Plenty, says Waste Management. A new facility will liquefy and purify landfill gas into natural gas, which will fuel garbage collection trucks. The first phase of the program will involve 300 trucks in California, reducing annual greenhouse gas emissions by 30,000 tons. The medium-term goal is to reduce Waste Management’s overall truck emissions by 15 per cent by 2020.
Google It’s only appropriate for energy and waste companies to be more environmentally responsible – after all, they are best-placed to make the biggest difference. Companies in all sorts of divergent industries are taking steps to ensure they make the right sort of impact.
Take Google. Yes, the search engine. If it’s not immediately obvious to you how a free service provider can be financially successful, Google had over $16 billion of revenue in 2008 – mostly from online advertising.
Whereas GE figures it can best act responsibly by building and selling clean energy, Google funds and conducts energy research. For example, in October 2008, Google announced an ambitious plan to wean the United States off coal and oil by 2030, and to cut the use of cars by 40 per cent. Google’s contributions are more than theoretical. Google has also invested $45 million into wind, solar and geothermal start-up companies as part of its Renewable Energy Cheaper Than Coal campaign.
The big THREE are just the start…
Are those the only three companies seeking to do something about the environment? Far from it. Many smaller companies further from the green industry are greening up their business.
Take the National Bank as an example. The Drive Eco program, launched in September 2007, plants trees on behalf of its young drivers customers. The amount and type of trees depends on the model and make of the car, specifically calculated to offset the vehicle’s carbon dioxide emissions. In less than two years, more than 5,000 trees have been planted, reforesting five hectares of land – about 10 football fields.
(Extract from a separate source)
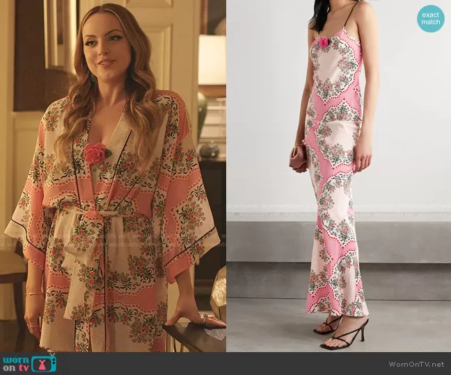 Fallon Carrington (played by Elizabeth Gillies) on Dynasty on The CW was spotted wearing this pink and white floral robe on Dynasty on episode 'The British Are Coming' (4x16) in Aug 2021. Fallon's Dress is the Embellished Printed Silk crepe de chine Maxi Dress by Rodarte . Fallon's Robe is the Belted Printed Silk crepe de chine Robe by Rodarte.

Other companies aren’t just taking action to be more environmentally responsible, they’re keeping track of companies that do – and don’t – make a similar effort.
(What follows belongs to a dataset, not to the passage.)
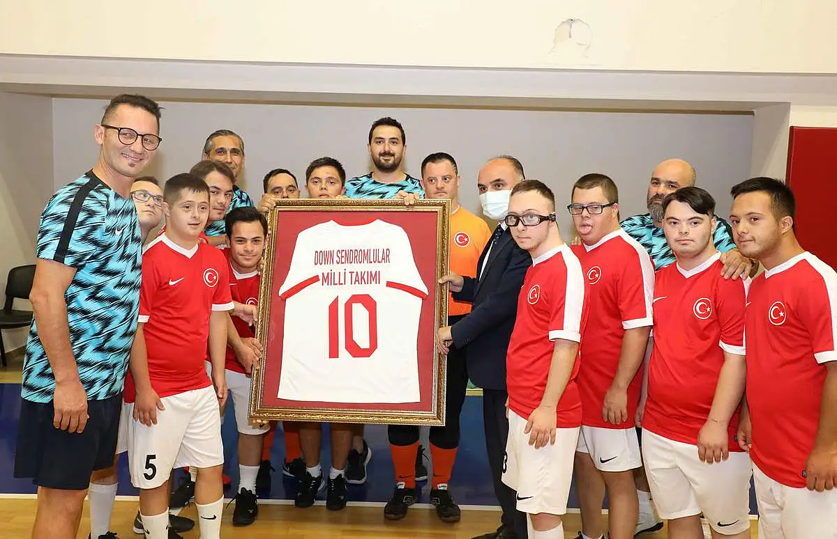 Burada, Vali Günaydın’a down sendromlular futsal milli takımının 10 numaralı forması hediye edildi. Vali Günaydın ise oyunculara Kayserispor forması hediye etti.

The Conference Board of Canada, for example, analyses corporate responses to the Carbon Disclosure Project (CDP) and publishes a report. The top 200 companies listed on the Toronto Stock Exchange are encouraged “disclose information on the financial and business implications of climate change risks and opportunities, greenhouse gas (GHG) emissions accounting, and GHG management strategies to institutional investors.”
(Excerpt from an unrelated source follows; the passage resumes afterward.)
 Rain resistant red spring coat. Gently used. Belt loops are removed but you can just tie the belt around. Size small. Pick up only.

The annual report illustrates the actions companies are taking to combat, or at least adapt to, climate change. The trends are encouraging; each year, more companies participate – 55 per cent in 2008, up from 45 per cent the previous year, and 28 per cent before that.
What’s more, there seems to be a general sense among companies that change is needed, and steps are being taken. To that end, almost half of the companies report having implemented formal greenhouse gas emissions reduction plan or policies , and more than half have established committees with mandates to track and seek ways to reduce greenhouse gas emissions.
Corporate responsibility used to be seen as a humorous oxymoron; like military intelligence, or civil war. Increasingly, however, independent companies and corporations are taking steps to, at the very least, mitigate their environmental footprints and reduce their harmful emissions. Sometimes “the man” isn’t so bad after all.